In my anguish I cried to the LORD, and he answered by setting me free. Psalm 118:5

Monday, April 18, 2011

My Spiritual Bucket

"Vessel" is defined by Webster's Dictionary as "a container for holding something." Sounds simple enough, right?

There are multiple examples of vessels in the Bible, both spiritual and literal, so let's reflect on two.

First I'd like to point you to the Book of Matthew. In Chapter 26 we are told the story of the anointing of Jesus at Bethany... "a woman came to him with an alabaster jar of very expensive perfume, which she poured on his head as he was reclining at the table. 8 When the disciples saw this, they were indignant. “Why this waste?” they asked. 9 “This perfume could have been sold at a high price and the money given to the poor.” 10 Aware of this, Jesus said to them, “Why are you bothering this woman? She has done a beautiful thing to me. 11 The poor you will always have with you,[a] but you will not always have me. 12 When she poured this perfume on my body, she did it to prepare me for burial. 13 Truly I tell you, wherever this gospel is preached throughout the world, what she has done will also be told, in memory of her.”

Oh, what I would give to know what this vessel looked like! This precious jar used to dispense perfume over the head of Christ must have been beautiful, no matter how plain it likely was.

Next, lets move to the woman at the well. We could delve deep into this scripture (John 4) and discover more about Jesus as the spiritual vessel here (because He is truly the vessel for our God, the Living Water), but I want to keep this simple. This woman most likely walked for miles to that well, in intense heat, to fill her clay jar with water, and would then return to her village to deliver this life-sustaining and thirst-quenching water to her household.

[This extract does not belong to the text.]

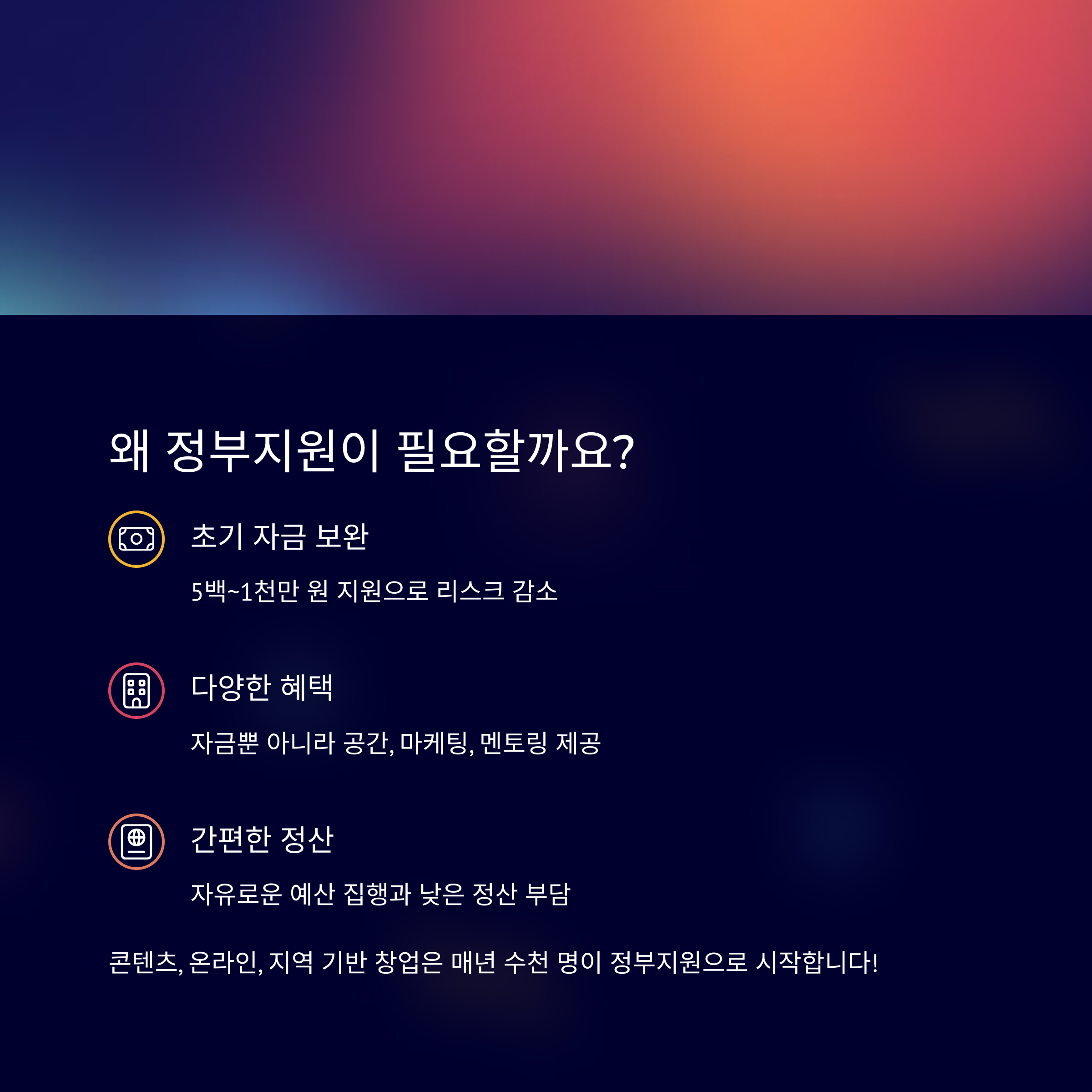 📌 특히 콘텐츠, 온라인, 지역 기반 창업은 매년 수천 명이 정부지원을 통해 시작하고 있어요!

Now, jump with me back to our definition. If I may, I'd like to embelish Webster's definition. A vessel is not simply a container; it is also a necessary tool for delivery from one point to another.

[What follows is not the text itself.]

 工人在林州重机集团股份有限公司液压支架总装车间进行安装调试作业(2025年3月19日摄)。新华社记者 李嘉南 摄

If that treasured and highly valued jar of perfume had been cracked, the perfume would have never made it across the room to the head of our Savior, Jesus Christ. It would have been grossly wasted on the dirt floor.

Further, no woman in any third world country around the world would carry a hole-ridden cistern or vessel to the well near her village. Surely, after walking the many difficult miles from the well, the precious water would be gone before she ever returned home.

Do you know, friends, that you yourself are a vessel? God has anointed you in this life to hold His Holy Spirit. Even more, He has anointed you to deliver Him to others around you. Just like these tangible vessels, though, you too can be broken. Cracked. Incomplete. And thus, an ineffective tool for containment and delivery.

The beauty in this ugliness, though, is that a damaged or forsaken, unattended to vessel can be repaired and redeemed and restored (praise God!).

I am painfully, and thankfully, aware of the hole in my own spiritual bucket. I have given a great deal of thought to this perforation in my spirit lately, and I have struggled to understand what has caused it, and thus, how to permanently patch it up.

It was in church on Sunday, April 17, 2011 that the pieces finally came together.

Brett spoke extensively about God as an artist, the perfect creator of all things beautiful. He told us how God passed the paint brush on to creation (for me personally, this was my flute and my music, so I related deeply to his artistic reference), and that because of all this, we crave beauty and perfection. And then it clicked. The light came on.

I suddenly realized that my music as a young child was more than a "gift" God had bestowed on me. It was more than a talent he gave me to escape the emotional emptiness of my childhood. Before I ever knew I could have a personal relationship with Christ, He was seeking relationship with me through the music I spent so many hours practicing daily. Beauty. Perfection. It was what I craved desperately. All for a deeper connection to Him, and I had no idea. How amazing is that? He put the paintbrush in my hand so I could know Him better.

God still uses music to reach deep into my soul today. Though I haven't played in several years now, God has of course found a way. Intense harmony, a perfectly tuned chord, complex rhythms...it is all evidence of God stirring His spirit within me and drawing me to connect with Him. It is because of my heightened sensitivity to God in the music I hear that I am so easily touched by what I hear. How beautiful that God would reach out to me and spend time with me in this way.

I am a vessel for God and within me I carry His Spirit, His word, and His love for His people. If I have an unrepaired, gaping hole...a missing spiritual element, then I will not be an effective container, or an effective method of delivery. How can I take Him to others if I am broken? The painful truth is that I can't. I will waste Him on the perverbial dirt floor.

My extraordinary passion for music, even as a young child, reminds me that I am designed by God to crave Him. To be an effective holy vessel for God, I must place a permanent plug in this hole by seeking deep and lasting relationship with Him. No temporary fixes will do! Not food. Not Facebook. Not texting. Not my husband. Not my kids. Not my activities. Nothing but God can permanently plug this hole, and for me, that means deep, significant relationship with the Father who created all things and designed me to crave Him.